> **Work request**:
Copy the records below exactly, omitting any pictures they contain.

> **Provided data**:

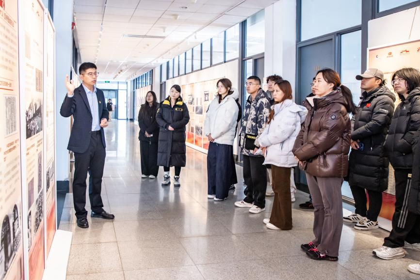 12月29日中午,一场生动的爱国主义教育课堂在大兴校区基A一层东侧走廊中开展,党委宣传部、马克思主义学院组织学校理论社团学生代表参与活动,同学们在青年教师李晨阳的讲解中一同认真观看了“中流砥柱—中国共产党抗战文物展”。
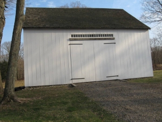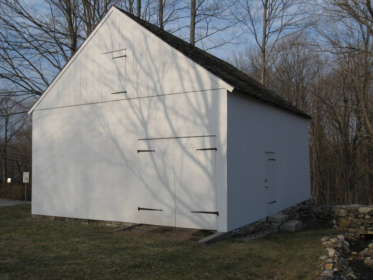 This is a 1 1/2-story three-bay gable-roofed eave-entry barn. The main façade faces northwest and the ridge-line of the barn is approximately parallel with this portion of Hebron Road, which runs southwest-northeast. The main entry is a pair of exterior-swinging doors with iron strap hinges in the middle bay. Above the main entry there is an unpainted wooden lintel and a nineteen-pane transom window. The remainder of the façade is blank. The southwest gable-end has a pair of exterior-swinging doors in the right (south) corner and a single exterior-swinging hay door in the gable attic, above the girt line siding divide. All have iron strap hinges. The ground slopes down gently towards the east, revealing a fieldstone foundation in the southeast eave-side of the barn. This side is blank except for a single exterior-swinging pass-through door to the left (south) of center, which is approached by stone steps. The northeast gable-end appears to be blank, with a fieldstone foundation. The barn has vertical flush-board siding painted white. The roof is covered with wood shingles.
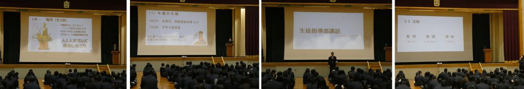 1月8日は令和6年度の3学期始業式・教務講話・生徒指導部講話・保健講話です。
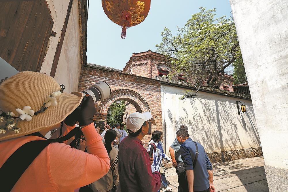 近日,福州三坊七巷历史文化街区,两株百年流苏树迎来花期,洁白如雪,馨香四溢,吸引市民和游客驻足观赏、拍照留念。
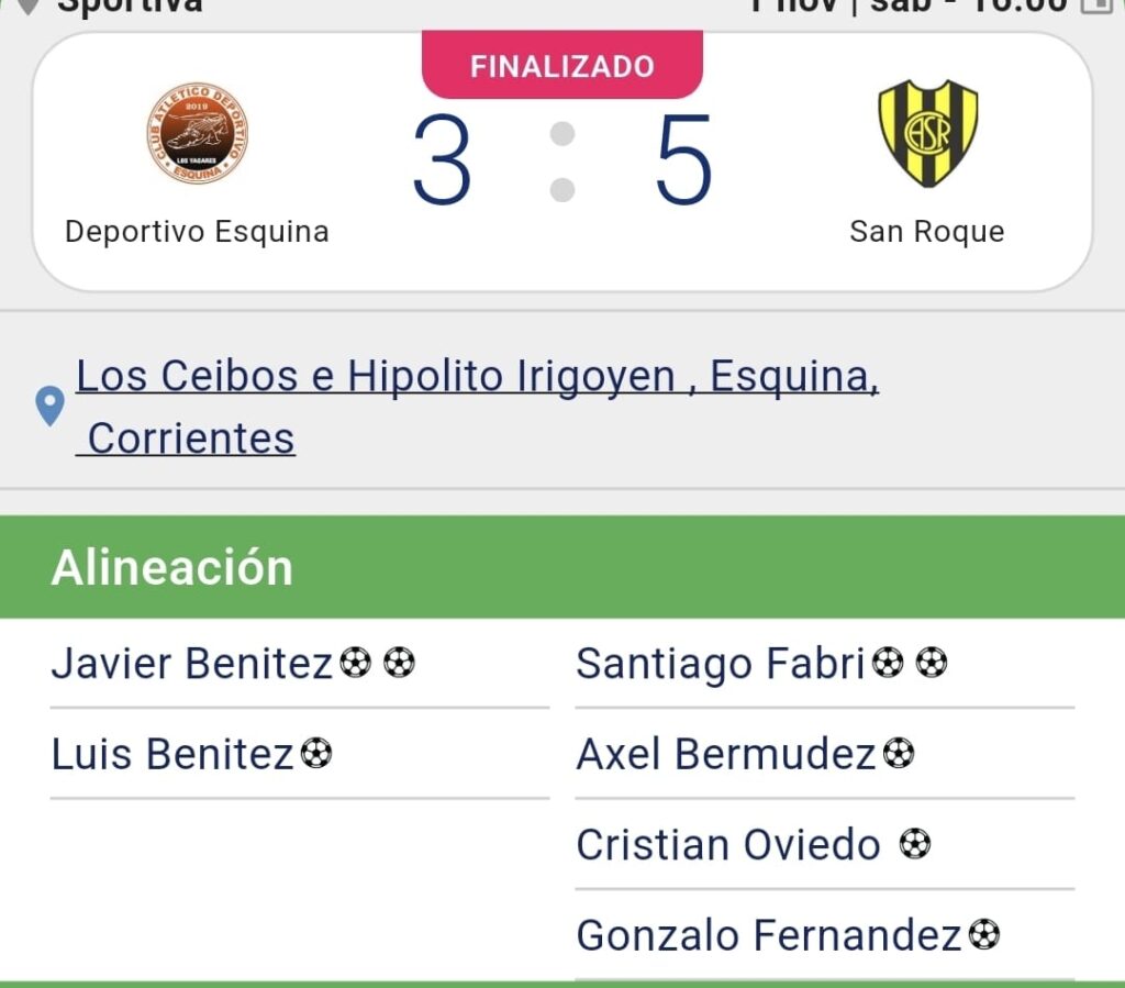 San Roque logró una victoria clave sobre Deportivo Esquina por 5 a 3 este sábado en cancha de Sportiva, ubicada en Los Ceibos e Hipólito Irigoyen, en el marco del torneo local y aseguró el tercer puesto.
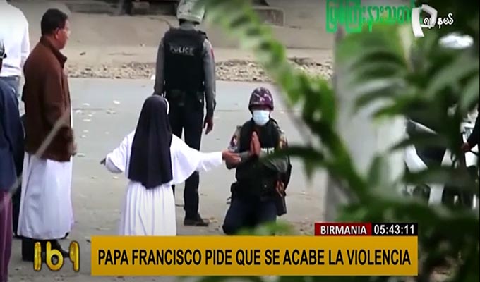 El Sumo Pontífice se unió la pedido de una monja en Birmania, quien se arrodilló ante los militares para evitar que disparen contra los manifestantes.
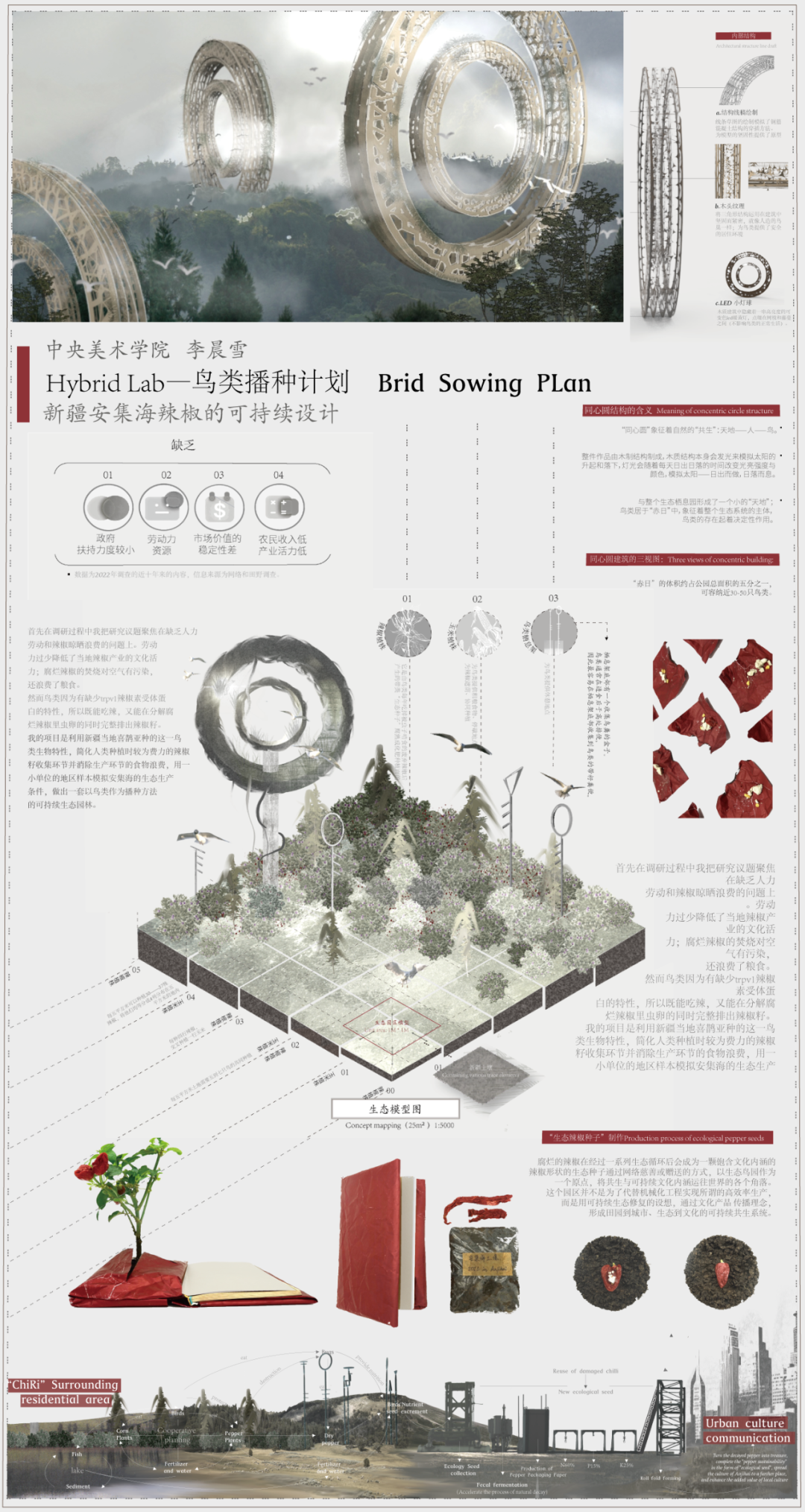 作品简介:Hybrid Lab——鸟类播种计划,译为“混生实验室”,这个项目是基于新疆安集海辣椒所面临的人力种植问题进行的在地性生态解决方案,旨在解决新疆人力劳动问题的同时,形成一个生态鸟类保护园区,尝试去构建由鸟类引导的不同生态系统之间的共生关系。

> **The answer**:
 12月29日中午,一场生动的爱国主义教育课堂在大兴校区基A一层东侧走廊中开展,党委宣传部、马克思主义学院组织学校理论社团学生代表参与活动,同学们在青年教师李晨阳的讲解中一同认真观看了“中流砥柱—中国共产党抗战文物展”。
 This is a 1 1/2-story three-bay gable-roofed eave-entry barn. The main façade faces northwest and the ridge-line of the barn is approximately parallel with this portion of Hebron Road, which runs southwest-northeast. The main entry is a pair of exterior-swinging doors with iron strap hinges in the middle bay. Above the main entry there is an unpainted wooden lintel and a nineteen-pane transom window. The remainder of the façade is blank. The southwest gable-end has a pair of exterior-swinging doors in the right (south) corner and a single exterior-swinging hay door in the gable attic, above the girt line siding divide. All have iron strap hinges. The ground slopes down gently towards the east, revealing a fieldstone foundation in the southeast eave-side of the barn. This side is blank except for a single exterior-swinging pass-through door to the left (south) of center, which is approached by stone steps. The northeast gable-end appears to be blank, with a fieldstone foundation. The barn has vertical flush-board siding painted white. The roof is covered with wood shingles.
 1月8日は令和6年度の3学期始業式・教務講話・生徒指導部講話・保健講話です。
 近日,福州三坊七巷历史文化街区,两株百年流苏树迎来花期,洁白如雪,馨香四溢,吸引市民和游客驻足观赏、拍照留念。
 San Roque logró una victoria clave sobre Deportivo Esquina por 5 a 3 este sábado en cancha de Sportiva, ubicada en Los Ceibos e Hipólito Irigoyen, en el marco del torneo local y aseguró el tercer puesto.
 El Sumo Pontífice se unió la pedido de una monja en Birmania, quien se arrodilló ante los militares para evitar que disparen contra los manifestantes.
 作品简介:Hybrid Lab——鸟类播种计划,译为“混生实验室”,这个项目是基于新疆安集海辣椒所面临的人力种植问题进行的在地性生态解决方案,旨在解决新疆人力劳动问题的同时,形成一个生态鸟类保护园区,尝试去构建由鸟类引导的不同生态系统之间的共生关系。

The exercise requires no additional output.